Un tribunale di Lima ha inflitto 17 anni di prigione a tre agenti per l'aggressione brutale subita da Azul Rojas nel 2008. La sentenza arriva dopo la condanna internazionale del Perù e rappresenta un passo verso la giustizia per le vittime transgender.
Il fatto choc del 2008
Nel 2008, a Casa Grande, sulla costa settentrionale del Perù, Azul Rojas, una donna transgender di 34 anni, fu arrestata senza motivo apparente da agenti di polizia. Invece di ricevere protezione, subì un'aggressione sistematica in un commissariato locale. I poliziotti la sottoposero a maltrattamenti fisici e psicologici estremi, culminati in uno stupro, motivato dal suo orientamento e identità di genere. Questo episodio non fu un caso isolato, ma rifletteva un contesto di discriminazione diffusa contro la comunità LGBT+ in Perù, dove le forze dell'ordine spesso agiscono con impunità. La vittima denunciò immediatamente i fatti, ma le indagini iniziali furono archiviate, lasciando Rojas senza giustizia per oltre un decennio.
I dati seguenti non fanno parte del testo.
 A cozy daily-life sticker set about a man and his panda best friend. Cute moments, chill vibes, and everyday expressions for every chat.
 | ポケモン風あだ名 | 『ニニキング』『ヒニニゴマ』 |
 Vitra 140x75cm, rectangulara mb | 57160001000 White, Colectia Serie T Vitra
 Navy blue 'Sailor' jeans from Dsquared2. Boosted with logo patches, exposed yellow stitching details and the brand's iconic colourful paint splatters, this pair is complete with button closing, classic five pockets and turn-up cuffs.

La brutalità dell'attacco fu descritta in dettaglio dalla vittima: percosse con oggetti contundenti, umiliazioni verbali e violenze sessuali perpetrate da più agenti. Secondo testimonianze raccolte, gli aggressori la presero di mira esplicitamente perché 'apparteneva alla comunità LGBT+', come riconosciuto in seguito dalla Corte interamericana dei diritti umani. Rojas riportò lesioni gravi, traumi psicologici profondi e una sfiducia totale nelle istituzioni. L'episodio scatenò proteste locali e attirò l'attenzione di organizzazioni internazionali per i diritti umani, evidenziando le lacune nel sistema giudiziario peruviano riguardo ai crimini d'odio.
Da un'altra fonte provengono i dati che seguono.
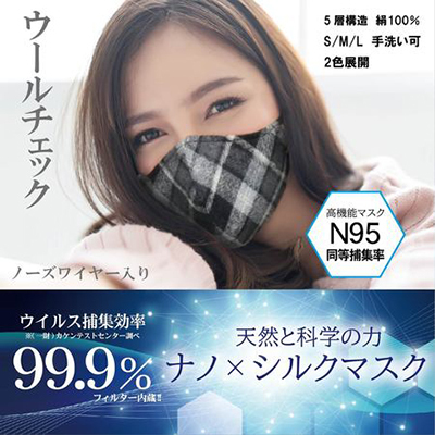 小杉織物は、ウイルス捕集効率をもつ「Zettaナノファイバーフィルター」を内蔵した絹マスク「ナノ×シルクマスク」の表生地にチェック柄のウール素材を採用したファッションマスクの販売を公式サイト「Itokala by 小杉織物」で開始した。
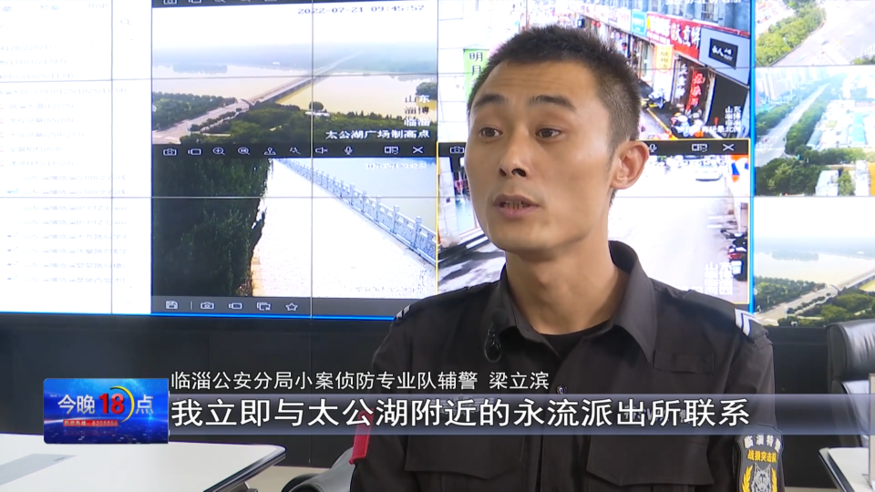 临淄公安分局小案侦防专业队辅警 梁立滨:通过视频观察男孩行为细节分析,该男孩可能存在轻生念头,我立即与太公湖附近的永流派出所联系。
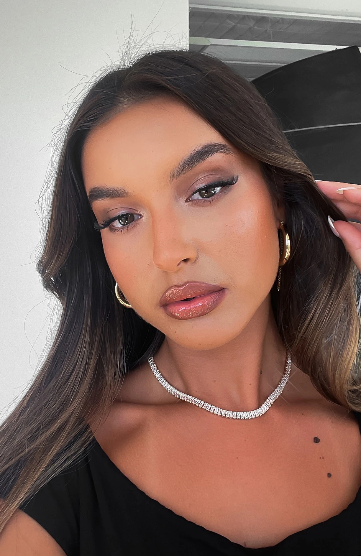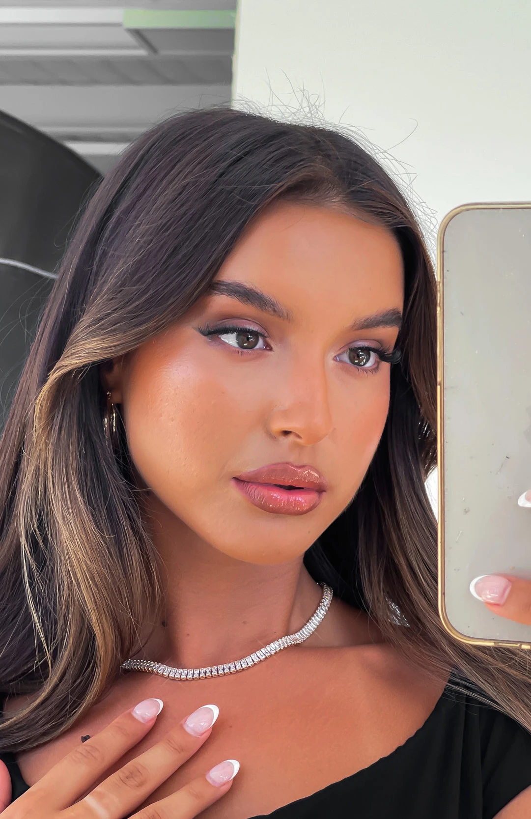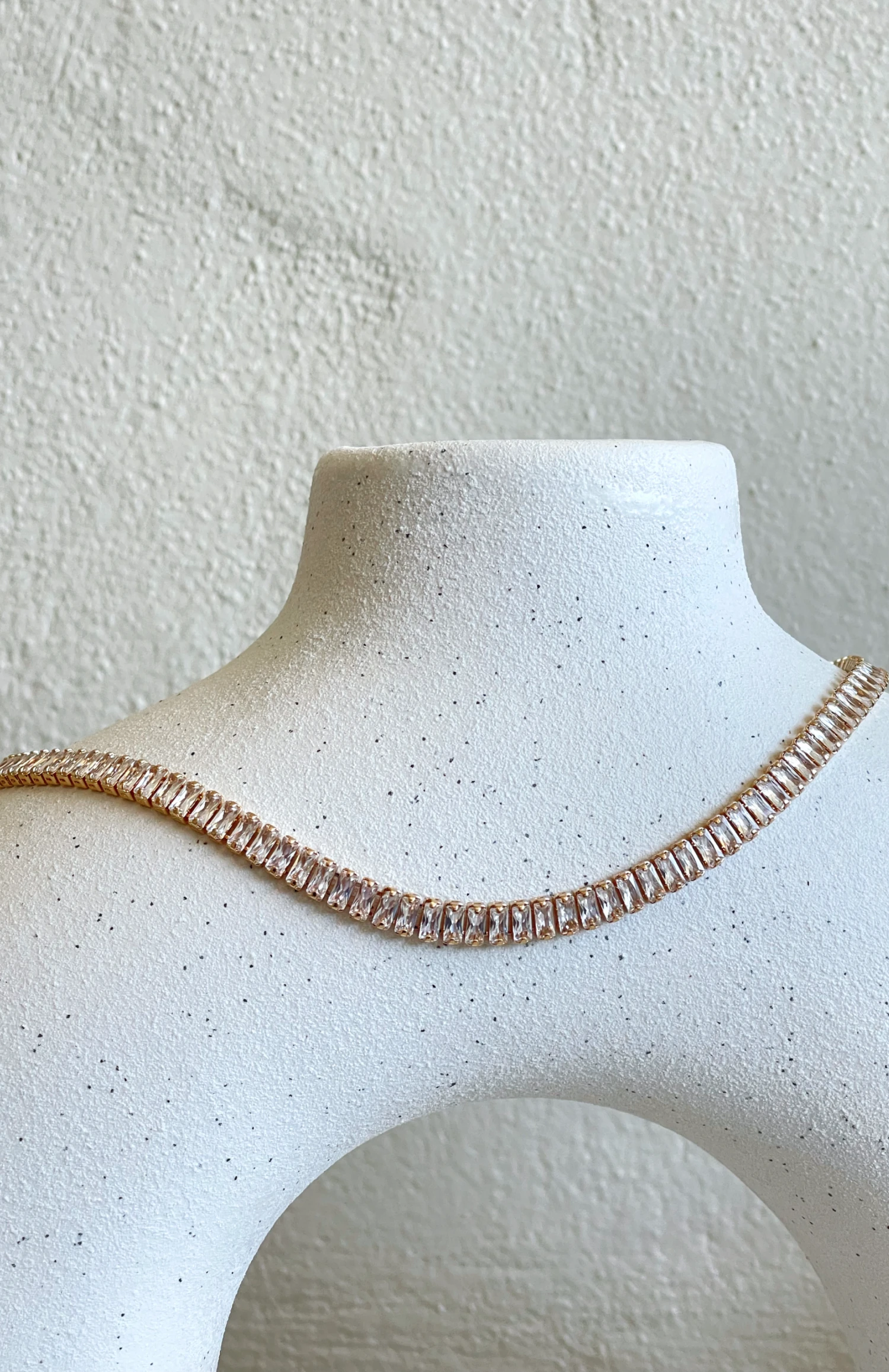 The Maverick Tennis Necklace in Gold will elevate your look! Featuring a thin, flat gold chain with diamanté detail. We are in love!Â

Le conseguenze immediate per Azul Rojas furono devastanti: isolamento sociale, problemi di salute mentale e difficoltà economiche. Nonostante ciò, la sua determinazione nel denunciare i fatti portò a un iter giudiziario prolungato. Questo caso esemplifica come la violenza contro le persone transgender sia spesso giustificata da pregiudizi istituzionali, con le forze di polizia che, invece di tutelare, diventano carnefici. Solo anni dopo, grazie a pressioni esterne, il caso fu riaperto, dimostrando l'importanza della resilienza delle vittime in contesti ostili.